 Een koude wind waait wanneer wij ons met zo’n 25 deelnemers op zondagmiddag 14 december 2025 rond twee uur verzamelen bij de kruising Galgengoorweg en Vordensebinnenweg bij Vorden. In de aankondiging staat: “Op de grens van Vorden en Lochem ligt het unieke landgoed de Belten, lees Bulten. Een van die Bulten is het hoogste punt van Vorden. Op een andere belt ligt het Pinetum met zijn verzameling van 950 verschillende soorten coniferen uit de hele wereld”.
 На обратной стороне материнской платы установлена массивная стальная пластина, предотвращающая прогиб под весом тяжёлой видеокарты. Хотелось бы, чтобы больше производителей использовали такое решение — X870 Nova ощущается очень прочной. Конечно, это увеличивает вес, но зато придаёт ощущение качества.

......

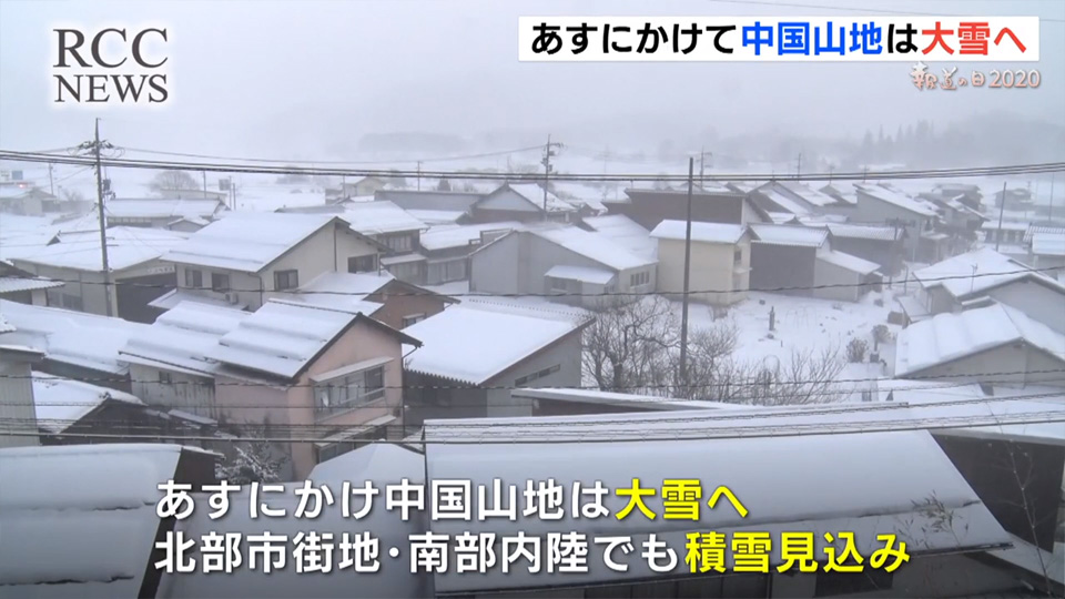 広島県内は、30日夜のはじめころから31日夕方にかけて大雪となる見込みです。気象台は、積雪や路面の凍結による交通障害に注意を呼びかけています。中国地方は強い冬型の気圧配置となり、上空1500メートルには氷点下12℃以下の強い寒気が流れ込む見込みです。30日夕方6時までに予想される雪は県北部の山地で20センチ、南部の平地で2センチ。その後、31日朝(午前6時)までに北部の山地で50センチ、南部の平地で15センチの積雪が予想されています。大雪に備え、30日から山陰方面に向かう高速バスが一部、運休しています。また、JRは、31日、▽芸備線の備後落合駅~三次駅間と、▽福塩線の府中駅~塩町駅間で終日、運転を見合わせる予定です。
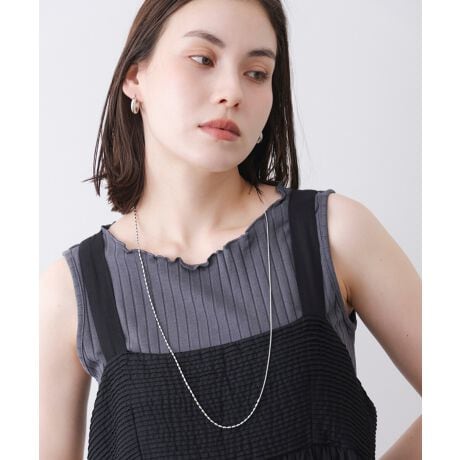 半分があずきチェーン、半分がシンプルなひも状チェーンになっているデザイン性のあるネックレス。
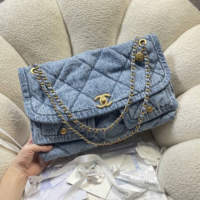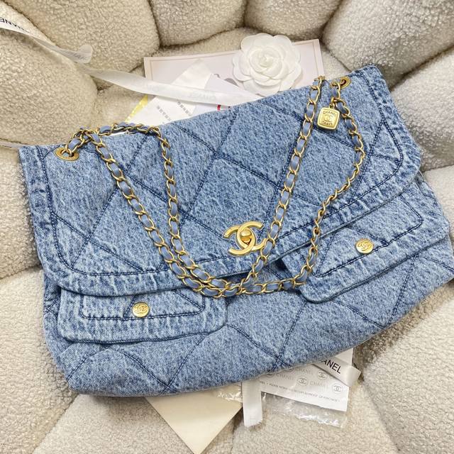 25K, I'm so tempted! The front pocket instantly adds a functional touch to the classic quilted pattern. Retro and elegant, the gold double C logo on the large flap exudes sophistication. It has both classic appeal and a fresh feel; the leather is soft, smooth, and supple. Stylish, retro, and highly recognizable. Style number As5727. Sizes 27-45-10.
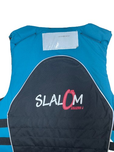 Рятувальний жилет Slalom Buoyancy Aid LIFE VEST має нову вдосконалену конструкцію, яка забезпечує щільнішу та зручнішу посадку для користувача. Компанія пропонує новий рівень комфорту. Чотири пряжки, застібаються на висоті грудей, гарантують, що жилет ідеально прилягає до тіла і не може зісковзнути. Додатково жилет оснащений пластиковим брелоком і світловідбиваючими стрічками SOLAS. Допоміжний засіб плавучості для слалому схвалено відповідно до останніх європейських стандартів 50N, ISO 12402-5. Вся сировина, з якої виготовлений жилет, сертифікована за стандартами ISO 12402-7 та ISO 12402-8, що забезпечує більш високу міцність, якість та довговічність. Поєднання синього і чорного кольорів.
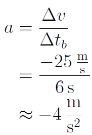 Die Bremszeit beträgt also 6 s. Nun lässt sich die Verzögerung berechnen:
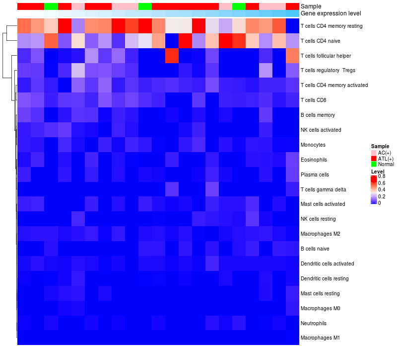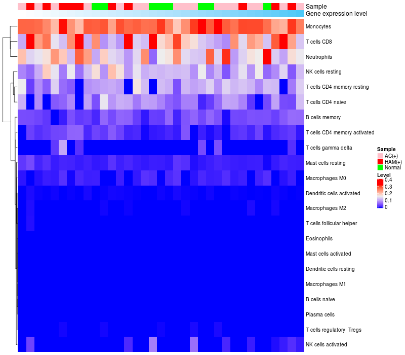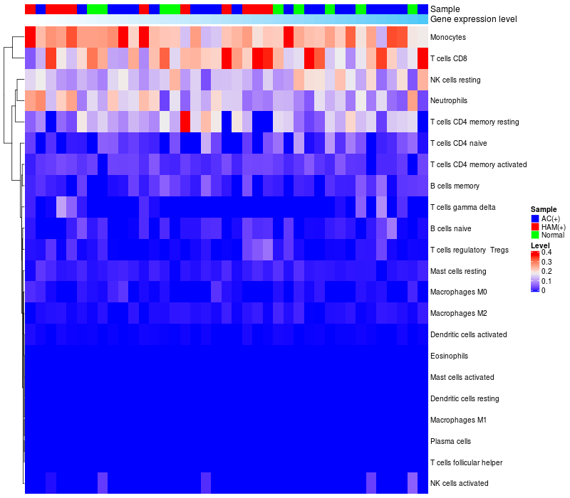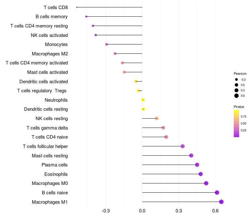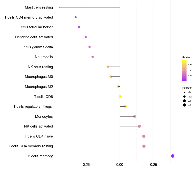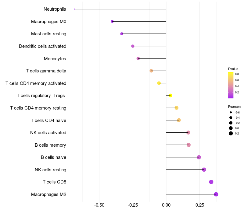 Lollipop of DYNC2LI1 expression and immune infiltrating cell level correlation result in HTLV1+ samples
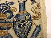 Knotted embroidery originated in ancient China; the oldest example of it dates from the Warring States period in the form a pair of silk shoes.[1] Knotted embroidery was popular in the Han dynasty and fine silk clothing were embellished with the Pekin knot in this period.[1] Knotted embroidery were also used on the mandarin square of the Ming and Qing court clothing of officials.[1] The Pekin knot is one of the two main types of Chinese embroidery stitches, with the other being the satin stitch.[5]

......

- Work to be completed:
There is a line with "Een koude wind" and a line with "На обратной стороне" above. Copy exactly those two lines and all lines between them, with nothing else.

- Result of the task:
 Een koude wind waait wanneer wij ons met zo’n 25 deelnemers op zondagmiddag 14 december 2025 rond twee uur verzamelen bij de kruising Galgengoorweg en Vordensebinnenweg bij Vorden. In de aankondiging staat: “Op de grens van Vorden en Lochem ligt het unieke landgoed de Belten, lees Bulten. Een van die Bulten is het hoogste punt van Vorden. Op een andere belt ligt het Pinetum met zijn verzameling van 950 verschillende soorten coniferen uit de hele wereld”.
 На обратной стороне материнской платы установлена массивная стальная пластина, предотвращающая прогиб под весом тяжёлой видеокарты. Хотелось бы, чтобы больше производителей использовали такое решение — X870 Nova ощущается очень прочной. Конечно, это увеличивает вес, но зато придаёт ощущение качества.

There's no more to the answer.